The principal issues are two. First, appointing other members, who will be appointed by the same procedure as the Lokpal. The law provides for up to eight members, half of whom should be from a judicial background. Half the members must be people belonging to scheduled castes, scheduled tribes, other backward castes, minorities and women. If these conditions are challenging, they are heightened by the fact that the same rules apply for the search committee for these members. Setting up enquiry and prosecuting wings will also be timeconsuming, and given the inherently controversial nature of such posts plus the turmoil of impending elections, the Lokpal is unlikely to be a functioning entity anytime soon. The second challenge concerns institutional independence. From the Supreme Court to the Election Commission, institutional respect has not been a strong point for most regimes, including the current one. The CBI, famously described as a “caged parrot”, offered a bizarre public spectacle of this erosion following a controversy involving its director and his deputy.
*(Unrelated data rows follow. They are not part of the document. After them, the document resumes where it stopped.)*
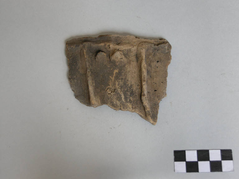 Frammento di parete, prodotta con ceramica d'impasto grossolana con inclusi litici e micacei, color grigio chiaro. Presenta una decorazione costituita da un cordone orizzontale e due verticali che delimitano un'area rettangolare al cui interno si trovano due bugne.
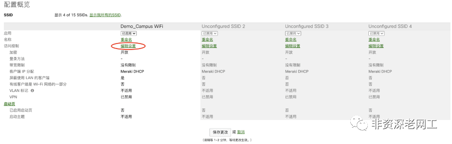 如果点击“重命名”,可以修改SSID的名称。其他所有的SSID设置,都需要点击“编辑设置”。或者,也可以在上面的菜单点击“访问控制”,或者其他配置选项,进入相应的配置页面。
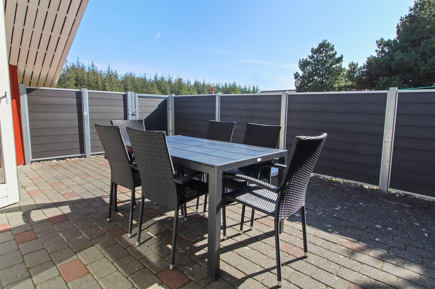 Ferieboligen er beliggende på en 1642 m² stor naturgrund. Der er 900 m til havet. Nærmeste forretning er beliggende i en afstand af 800 m. Til ferieboligen hører 21 m² terrasseareal. Desuden er der 12 m² overdækket terrasse. Parkering ved ferieboligen.
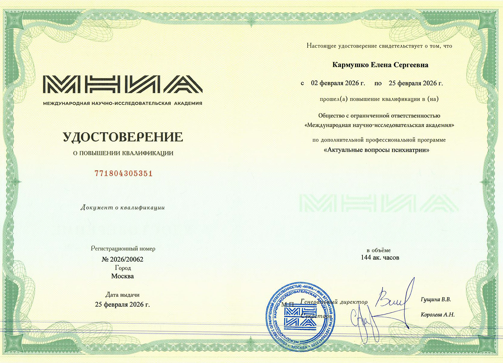 Кармушко Елена Сергеевна ведет амбулаторный прием пациентов с невротическими, психотическими и пограничными расстройствами психики. Специализируется на подборе психофармакотерапии, учитывает анамнез пациента, индивидуальные особенности течения заболевания, эффективность и переносимость предыдущего лечения. Контролирует динамику состояния, отслеживает результативность терапии, при необходимости корректирует назначения, что способствует достижению устойчивой ремиссии и снижению риска рецидивов.
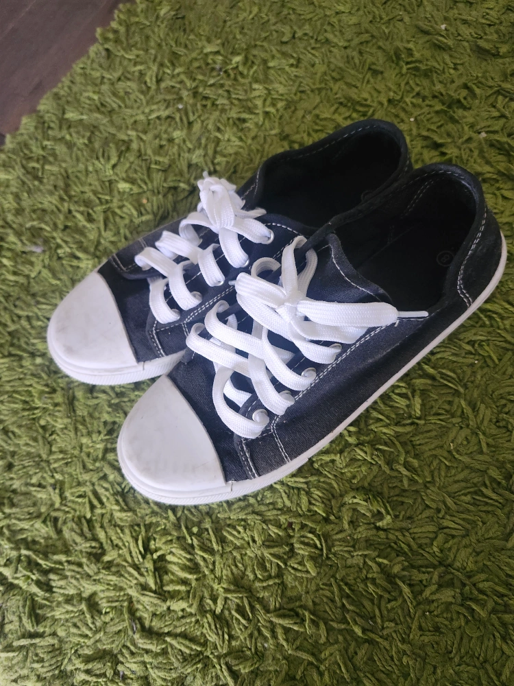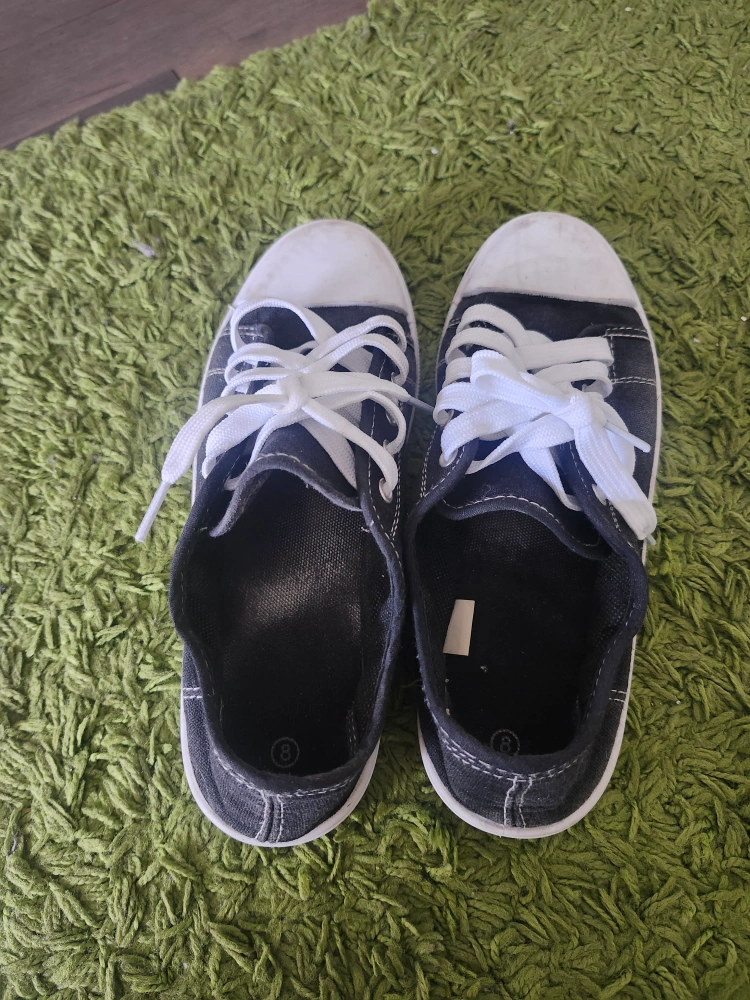 Selling a pair of canvas sneakers in black and white. They're in good condition and are a size 8. Perfect for casual wear!

It is the moral authority of the Lokpal and its members that matters most. For instance, the Act covers most public servants, including the prime minister. One critical point of contention is the exclusions for prime ministerial scrutiny — on grounds of international relations, external and internal security, public order, atomic energy and space. These can be as widely or narrowly interpreted as the Lokpal chooses. India’s increasing engagement with the global economy demands that the Lokpal should hold itself to a higher standard, abjure inevitable political pressures and evolve into an institution that commands universal respect.